Зятек тоже был одет весьма фривольно. А точнее сказать, на нем были одни лишь подштанники. Помотав головой, он поднялся и, покачиваясь, направился ко мне.
– Смотри, милый, мой тесть приехал. Сейчас будет орать и топать ногами, защищая свою потаскуху-дочь. Да только мне уже плевать! Скоро все здесь будет моим! Нашим! Еще чуть-чуть и…
– Срам-то какой, – возмутилась нянька, и по лестнице застучали ее башмаки.
– Как ты посмел?! – Уже ничего не соображая, стремясь только избавиться от душащего меня гнева, я схватил его за тонкую шею и ударил носом о стену. Евгений заверещал и попытался вырваться. Но во мне уже разгорелся вулкан, и я не мог остановиться. Я наносил удары один за одним, пока не почувствовал, что на моем локте кто-то повис, а потом… укусил. Не от боли, а от удивления я выпустил еле живого Евгения, резко повернулся и уставился в глаза кадета».
– Ух ты ж, ежик! – восхитился Кир. – Как у них в девятнадцатом веке все было запутано-о-о…
– Теперь я понимаю Марью, – хмыкнул Петр. – Не зря она предпочла жизнь в монастыре. Куда подальше, лишь бы не с таким клоуном под одной крышей!
– Что там дальше было? – Макс под шумок сжевал уже почти все булочки. – Убил Русалов своего зятька?
– Вряд ли. Такие гниды не дохнут. – Федя пролистнул несколько испорченных временем страниц. – Но теперь я кое-что начинаю понимать…
И снова уткнулся в рукопись.
«Россию лихорадит. Из Петербурга почти каждый день приходят дурные вести. Война вывернула наизнанку человеческие души, и конца этому кошмару пока не видать.
Степан вчера вернулся из города сам не свой, нес околесицу, дескать, прошло время господ и давить надо гниль, что простой люд в железных тисках держит. А после в ногах у меня ползал и прощения просил.
– Ты же мне отца родного заменил, Матвеич! Бежать тебе надо, надежа! Они придут! Не сегодня, так завтра явятся.

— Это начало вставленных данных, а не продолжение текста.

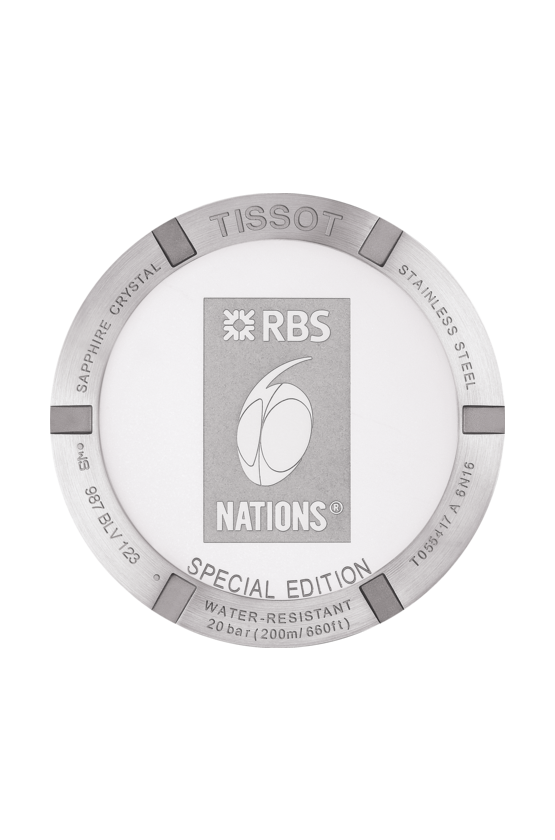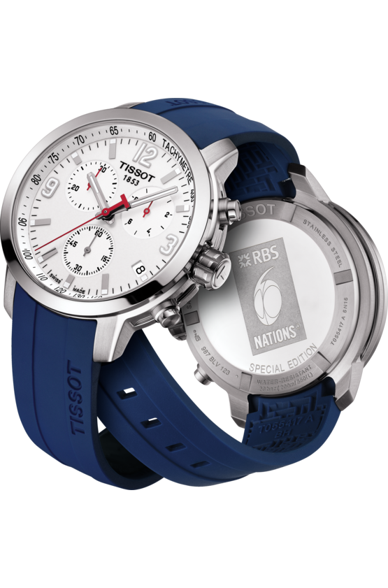 Благодаря спортивному дизайну модель Tissot PRC 200 RBS 6 Nations великолепно отражает энергию и страсть к спорту, присущие бренду и участникам чемпионата Красные стрелки подчеркивают динамичный и спортивный характер часов, а также напоминают о силе воли и активной позиции Подобно игрокам, часы, как указывает их название, являются синонимом точности, надежности и классического стиля Всем известно, что регби — спорт истинных джентльменов Синий каучуковый ремешок модели обеспечивает непревзойденный комфорт, а кроме того соответствует цветам турнира
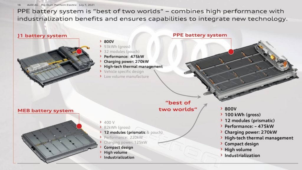 PPE 배터리 시스템 특유의 기술적 측면은 최대 100 kWh(gross)의 높은 에너지 함량을 달성할 수 있는 가능성입니다. 참고로, MEB와 J1 배터리 시스템은 각각 82 kWh(총량)와 93 kWh(총량)로 최대 출력됩니다.

– Да не блажи ты, – я схватил парня за грудки и потряс, чтобы дурь выбить, – чего несешь такое? Кто придет?
Степан смотрел на меня безумными глазами. Я уже не узнавал в нем того улыбчивого паренька, что служил мне все эти годы. Половину лица его залил синяк, губы разбиты в кровь, и руки трясутся, что у старика немощного.
– Зять твой, Женька Орлов, оборотнем оказался. Не просто так он уже два месяца носа в поместье не кажет. Беги, Матвеич! Не поздно еще! Пока они боятся, силу набирают. Война же кругом. Жизнь человеческая гроша не стоит. Никто и разбираться не станет. Я сам видел, как они людей убивают, а потом дома их грабят.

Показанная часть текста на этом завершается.